4 cups (400 g) fresh forced rhubarb, trimmed and sliced ¼-inch (.5 cm) thick
¾ cup granulated sugar, divided
4 thin slices unpeeled fresh ginger
4 large egg yolks
1/3 cup milk
1 tsp pure vanilla extract
2 cups 35% cream
Line bottom and sides of a 9 × 5-inch loaf pan with two pieces of plastic wrap, leaving at least 2 inches hanging over sides.
Preheat oven to 350 F . Place sliced rhubarb in a shallow baking dish and toss with ¼ cup sugar, 1 tbsp water and ginger slices. Roast 10 minutes, or just until tender. Refrigerate until cold. Remove ginger before using.
In large heatproof bowl, whisk egg yolks with remaining sugar, milk and vanilla. Place bowl over a large saucepan of simmering water. Whisk constantly about 6 minutes or until custard turns pale yellow, doubles in volume and is thick enough to coat a spoon. Remove from heat, let cool and refrigerate at least 1 hour.

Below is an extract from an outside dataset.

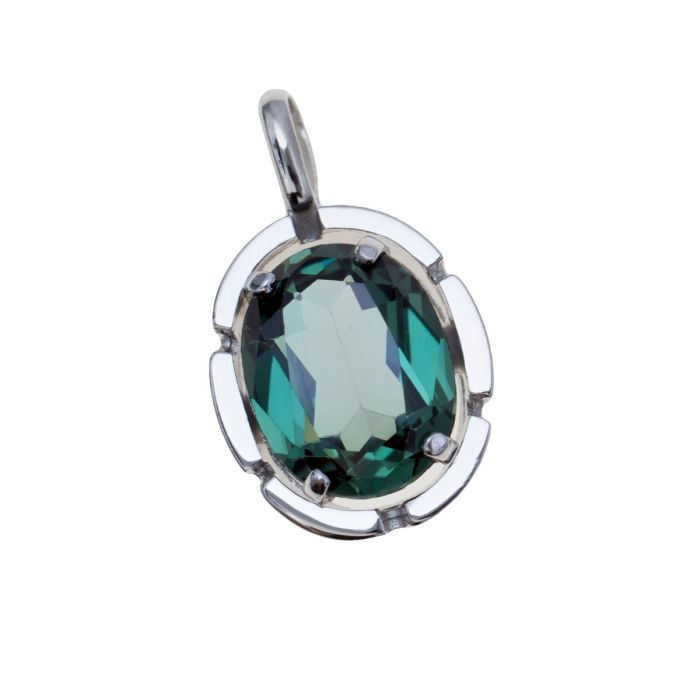 Anhänger mit synthetischem grünem Spinell in Ovalschliff in Chatonfassung mit fester Öse.

To assemble, beat cream in a large bowl with an electric mixer on medium-high until stiff peaks form, about 3 minutes. Stir a quarter of the cream into chilled custard. Fold in remaining cream until no white streaks remain. Stir in chilled rhubarb and swirl evenly through custard. Pour into prepared pan and cover surface with plastic overhang. Freeze until firm, 4 hours or overnight.
To serve, invert semifreddo onto a serving platter and discard plastic wrap. Let stand about 5 minutes until soft enough to slice.
Makes 8 to 10 servings.
I had heard of forced rhubarb in Europe, but didn’t know it was possible in this climate. I also didn’t know it could grow in the dark. That sounds like a wonderful project and I thank you for the information.